Question

Consider a 30 -cm-diameter pan filled with water at \(15^{\circ} \mathrm{C}\) in a room at \(20^{\circ} \mathrm{C}, 1 \mathrm{~atm}\), and 30 percent relative humidity. Determine \((a)\) the rate of heat transfer by convection, (b) the rate of evaporation of water, and \((c)\) the rate of heat transfer to the water needed to maintain its temperature at \(15^{\circ} \mathrm{C}\). Disregard any radiation effects.

Short answer

Answer: (a) The rate of heat transfer by convection is \(-35.34\mathrm{~W}\). (b) The rate of evaporation of water is \(4.18 \times 10^{-11} \mathrm{kg/s}\). (c) The rate of heat transfer to the water needed to maintain its temperature at \(15^{\circ} \mathrm{C}\) is \(44.83\mathrm{~W}\).

Step-by-step solution

Calculate the convective heat transfer coefficient

We will assume the convective heat transfer coefficient (\(h\)) to be constant. For a natural convection problem like this, a reasonable value for \(h\) would be around \(10 \mathrm{~W/(m^2K)}\).

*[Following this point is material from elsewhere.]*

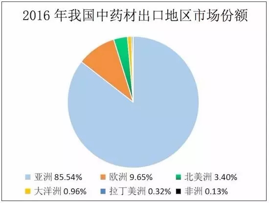我國中藥材出口地區高度集中,亞洲依然是最主要的出口地區。2016年我國對亞洲地區的中藥材出口額約8.77億美元,占我國中藥材出口總額的85.54%。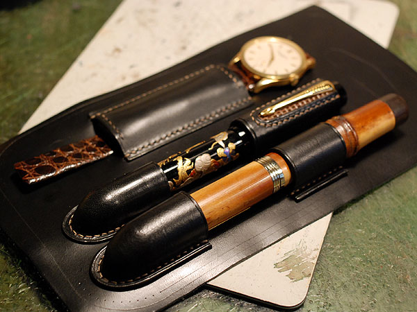 こちら、フルオーダーで製作している「万年筆・時計ケース」です。

Calculate the rate of heat transfer by convection

Next, we need to find the rate of heat transfer by convection (\(q_{conv}\)). To do this, we will use Newton's Law of Cooling: \(q_{conv} = hA(T_s-T_\infty)\) In this equation, \(A\) is the surface area of the pan (\(\pi(0.15)^2 = 0.07069 \mathrm{~m^2}\)), \(T_s\) is the water temperature \((15^{\circ} \mathrm{C})\), and \(T_\infty\) is the room temperature \((20^{\circ} \mathrm{C})\): \(q_{conv} = 10 \cdot 0.07069 \cdot (15 - 20) = -35.34\mathrm{~W}\) Since the rate is negative, this means that heat is being transferred from the water to the room through convection.

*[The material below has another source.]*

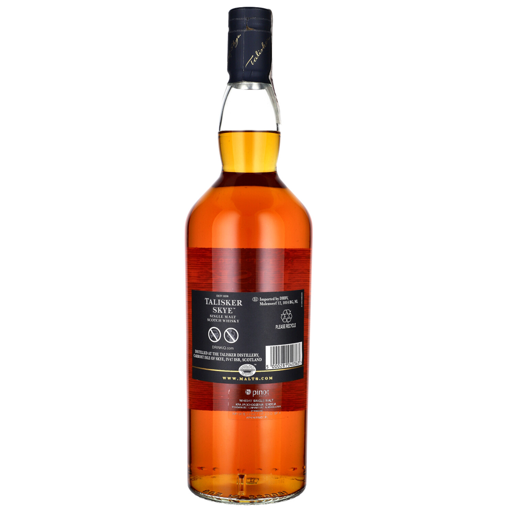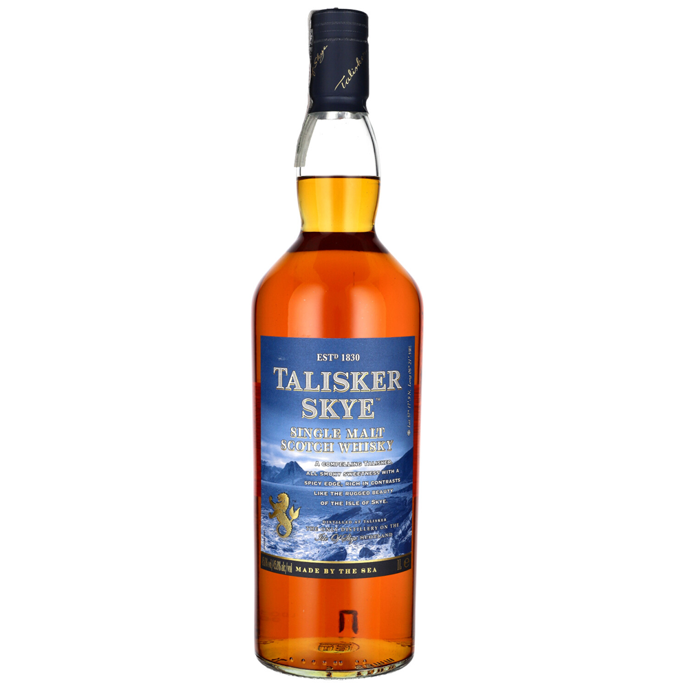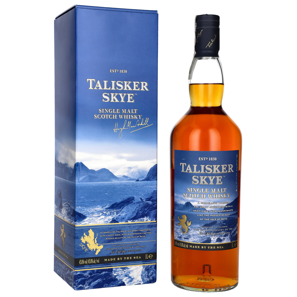 Whisky Talisker Skye to single malt ze szkockiej wyspy Skye, butelkowana z mocą 45,8% alkoholu. Charakteryzuje się zbalansowanym, słodkim profilem smakowym, w którym dominują świeże nuty cytrusowe, słodki dym oraz typowe dla Taliskera morskie akcenty. Whisky dojrzewa w mieszance beczek z amerykańskiego dębu, zarówno napełnianych ponownie, jak i tostowanych, co nadaje jej gładkości i złożoności.

Find the rate of evaporation due to the vapour pressure difference

Next, we need to find the evaporation rate (\(m_{e}\)) due to the difference in vapour pressure between the water surface and the air. We will use the following equation for mass transfer: \(m_{e} = k_m A (c_s - c_\infty)\) In this equation, \(k_m\) is the mass transfer coefficient, \(A\) is the surface area of the pan, \(c_s\) is the concentration at the water surface, and \(c_\infty\) is the concentration at the air. For simplicity, let's assume \(k_m = 5 \times 10^{-8} \mathrm{kg/(m^2~s)}\), \(c_s = 0.0173 \mathrm{kg/m^3}\) (saturated air with \(100\%\) moisture) and \(c_\infty = 0.30 \times 0.0173 = 0.00519 \mathrm{kg/m^3}\) (as given by the \(30 \%\) relative humidity): \(m_{e} = 5 \times 10^{-8} \cdot 0.07069 \cdot (0.0173 - 0.00519) = 4.18 \times 10^{-11} \mathrm{kg/s}\)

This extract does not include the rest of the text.